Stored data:
--- --- ---
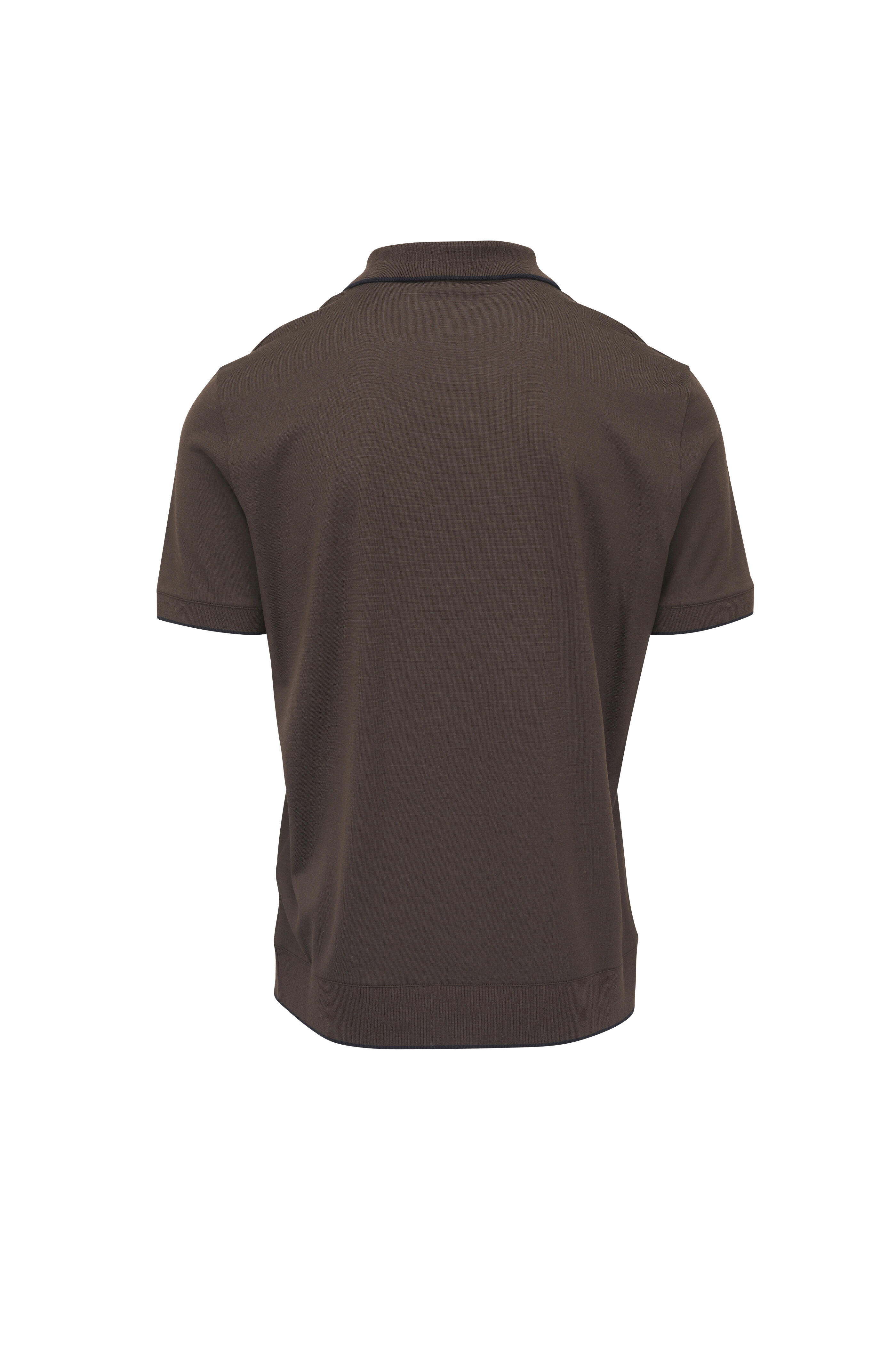 Spread collar. V-neckline. Ribbed trim. Made in Italy. 100% virgin wool. Dry clean.
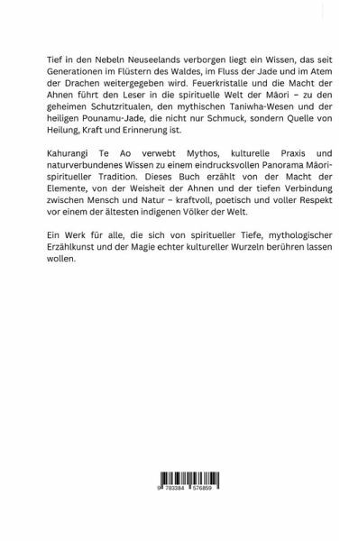 Tief in den Nebeln Neuseelands verborgen liegt ein Wissen, das seit Generationen im Flüstern des Waldes, im Fluss der Jade und im Atem der Drachen weitergegeben wird. Feuerkristalle und die Macht der Ahnen führt den Leser in die spirituelle Welt der Maori - zu den geheimen Schutzritualen, den mythischen Taniwha-Wesen und der heiligen Pounamu-Jade, die nicht nur Schmuck, sondern Quelle von Heilung, Kraft und Erinnerung ist.Kahurangi Te Ao verwebt Mythos, kulturelle Praxis und naturverbundenes Wissen zu einem eindrucksvollen Panorama Maori-spiritueller Tradition. Dieses Buch erzählt von der Macht der Elemente, von der Weisheit der Ahnen und der tiefen Verbindung zwischen Mensch und Natur - kraftvoll, poetisch und voller Respekt vor einem der ältesten indig-nen Völker der Welt.Ein Werk für alle, die sich von spiritueller Tiefe, mythologischer Erzählkunst und der Ma-gie echter kultureller Wurzeln berühren lassen wollen.
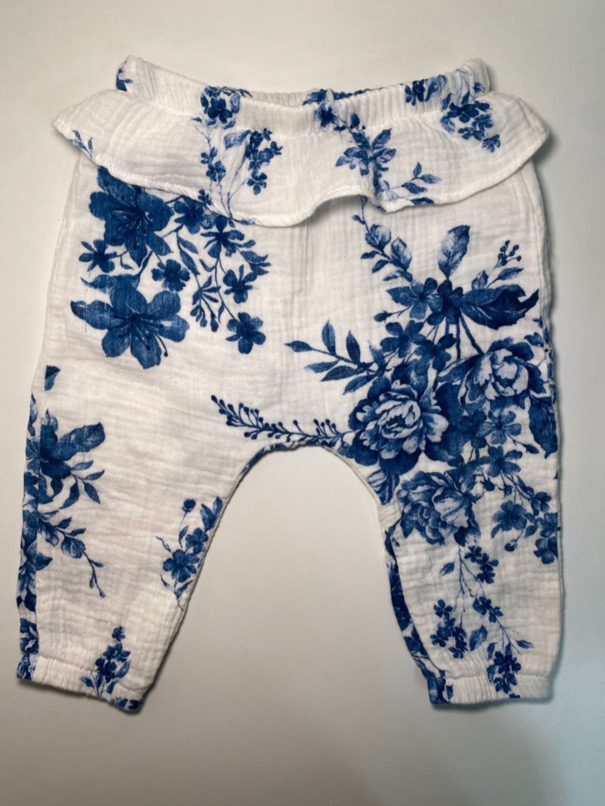 Peça charmosa e super delicada, calça em tecido leve com estampa floral azul, trazendo um visual clássico e elegante para as pequenas.
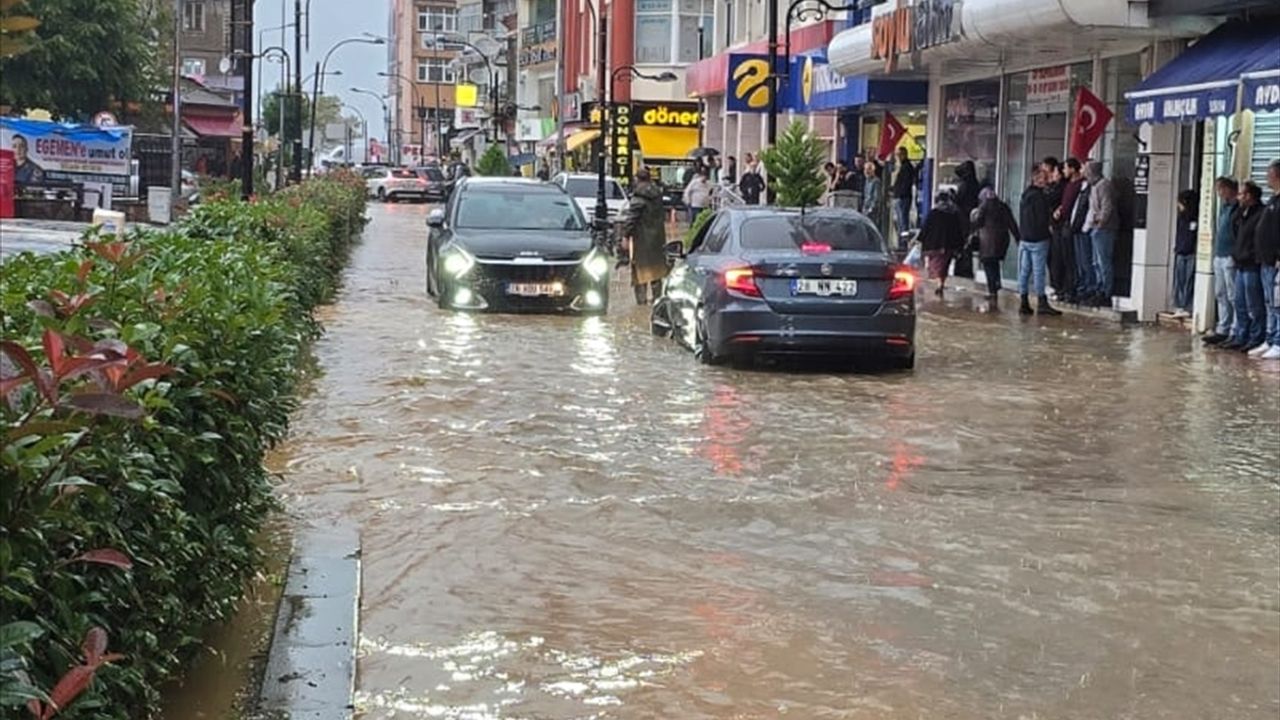 İlçede sağanak nedeniyle cadde ve sokaklarda su birikintileri oluştu, bazı binaların zemin katlarındaki iş yerlerini su bastı.
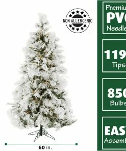 Hot Sale 😉 Fraser Hill Farm Flocked Snowy Pine 🔔 Christmas Tree, 9′, Clear Led Lights 🥰
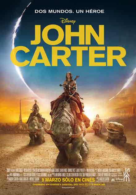 John Carter. AKA: John Carter of Mars. Dirección: Andrew Stanton. País: USA. Año: 2012. Duración: 132 min. Género: Acción, aventuras, ciencia-ficción, fantástico. Interpretación: Taylor Kitsch (John Carter), Willem Dafoe (voz original de Tars Tarkas), Lynn Collins (Dejah Thoris), Samantha Morton (Sola), Mark Strong (Matai Shang), Ciarán Hinds (Tardos Mors), Dominic West (Sab Than), James Purefoy (Kantos Kan), Daryl Sabara (Edgar Rice Burroughs), Polly Walker (Sarkoja), Bryan Cranston (Powell), Thomas Haden Church (voz original de Tal Hajus). Guion: Andrew Stanton, Mark Andrews y Michael Chabon; basado en la novela “Una princesa de Marte”, de Edgar Rice Burroughs. Producción: Jim Morrison, Colin Wilson y Lindsey Collins. Música: Michael Giacchino. Fotografía: Dan Mindel. Montaje: Eric Zumbrunnen. Diseño de producción: Nathan Crowley. Vestuario: Mayes C. Rubeo. Distribuidora: The Walt Disney Company. Estreno en USA: 9 Marzo 2012. Estreno en España: 9 Marzo 2012.
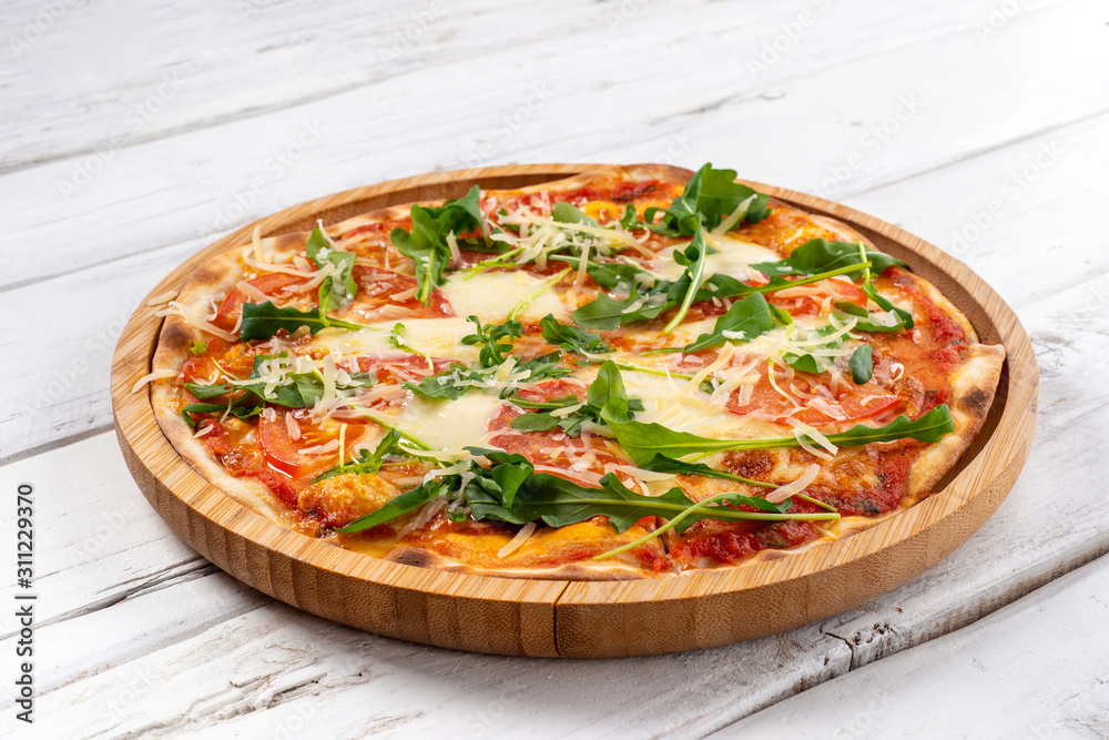 Italian pizza margherita with mozzarella tomatoes and herbs
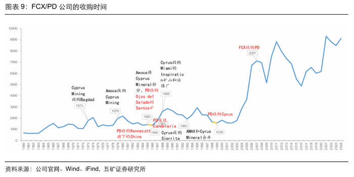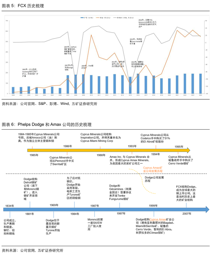 复盘FCX的历史可以发现,龙头的资产组合是由多家公司并购而来,包括Freeport Minerals(前身为Freeport Sulphur)、Phelps Dodge(2007年被FCX并购)、Cyprus Minerals(1999年被Dodge收购)、AMAX(1993年与Cyprus Minerals合并)和Climax Molybdenum(1957年与The American Metal Company合并,成为AMAX公司)等。
--- --- ---
#### Task instructions
Set down the entries exactly as they appear, with every picture left out.

#### Solution for this exercise
 Spread collar. V-neckline. Ribbed trim. Made in Italy. 100% virgin wool. Dry clean.
 Tief in den Nebeln Neuseelands verborgen liegt ein Wissen, das seit Generationen im Flüstern des Waldes, im Fluss der Jade und im Atem der Drachen weitergegeben wird. Feuerkristalle und die Macht der Ahnen führt den Leser in die spirituelle Welt der Maori - zu den geheimen Schutzritualen, den mythischen Taniwha-Wesen und der heiligen Pounamu-Jade, die nicht nur Schmuck, sondern Quelle von Heilung, Kraft und Erinnerung ist.Kahurangi Te Ao verwebt Mythos, kulturelle Praxis und naturverbundenes Wissen zu einem eindrucksvollen Panorama Maori-spiritueller Tradition. Dieses Buch erzählt von der Macht der Elemente, von der Weisheit der Ahnen und der tiefen Verbindung zwischen Mensch und Natur - kraftvoll, poetisch und voller Respekt vor einem der ältesten indig-nen Völker der Welt.Ein Werk für alle, die sich von spiritueller Tiefe, mythologischer Erzählkunst und der Ma-gie echter kultureller Wurzeln berühren lassen wollen.
 Peça charmosa e super delicada, calça em tecido leve com estampa floral azul, trazendo um visual clássico e elegante para as pequenas.
 İlçede sağanak nedeniyle cadde ve sokaklarda su birikintileri oluştu, bazı binaların zemin katlarındaki iş yerlerini su bastı.
 Hot Sale 😉 Fraser Hill Farm Flocked Snowy Pine 🔔 Christmas Tree, 9′, Clear Led Lights 🥰
 John Carter. AKA: John Carter of Mars. Dirección: Andrew Stanton. País: USA. Año: 2012. Duración: 132 min. Género: Acción, aventuras, ciencia-ficción, fantástico. Interpretación: Taylor Kitsch (John Carter), Willem Dafoe (voz original de Tars Tarkas), Lynn Collins (Dejah Thoris), Samantha Morton (Sola), Mark Strong (Matai Shang), Ciarán Hinds (Tardos Mors), Dominic West (Sab Than), James Purefoy (Kantos Kan), Daryl Sabara (Edgar Rice Burroughs), Polly Walker (Sarkoja), Bryan Cranston (Powell), Thomas Haden Church (voz original de Tal Hajus). Guion: Andrew Stanton, Mark Andrews y Michael Chabon; basado en la novela “Una princesa de Marte”, de Edgar Rice Burroughs. Producción: Jim Morrison, Colin Wilson y Lindsey Collins. Música: Michael Giacchino. Fotografía: Dan Mindel. Montaje: Eric Zumbrunnen. Diseño de producción: Nathan Crowley. Vestuario: Mayes C. Rubeo. Distribuidora: The Walt Disney Company. Estreno en USA: 9 Marzo 2012. Estreno en España: 9 Marzo 2012.
 Italian pizza margherita with mozzarella tomatoes and herbs
 复盘FCX的历史可以发现,龙头的资产组合是由多家公司并购而来,包括Freeport Minerals(前身为Freeport Sulphur)、Phelps Dodge(2007年被FCX并购)、Cyprus Minerals(1999年被Dodge收购)、AMAX(1993年与Cyprus Minerals合并)和Climax Molybdenum(1957年与The American Metal Company合并,成为AMAX公司)等。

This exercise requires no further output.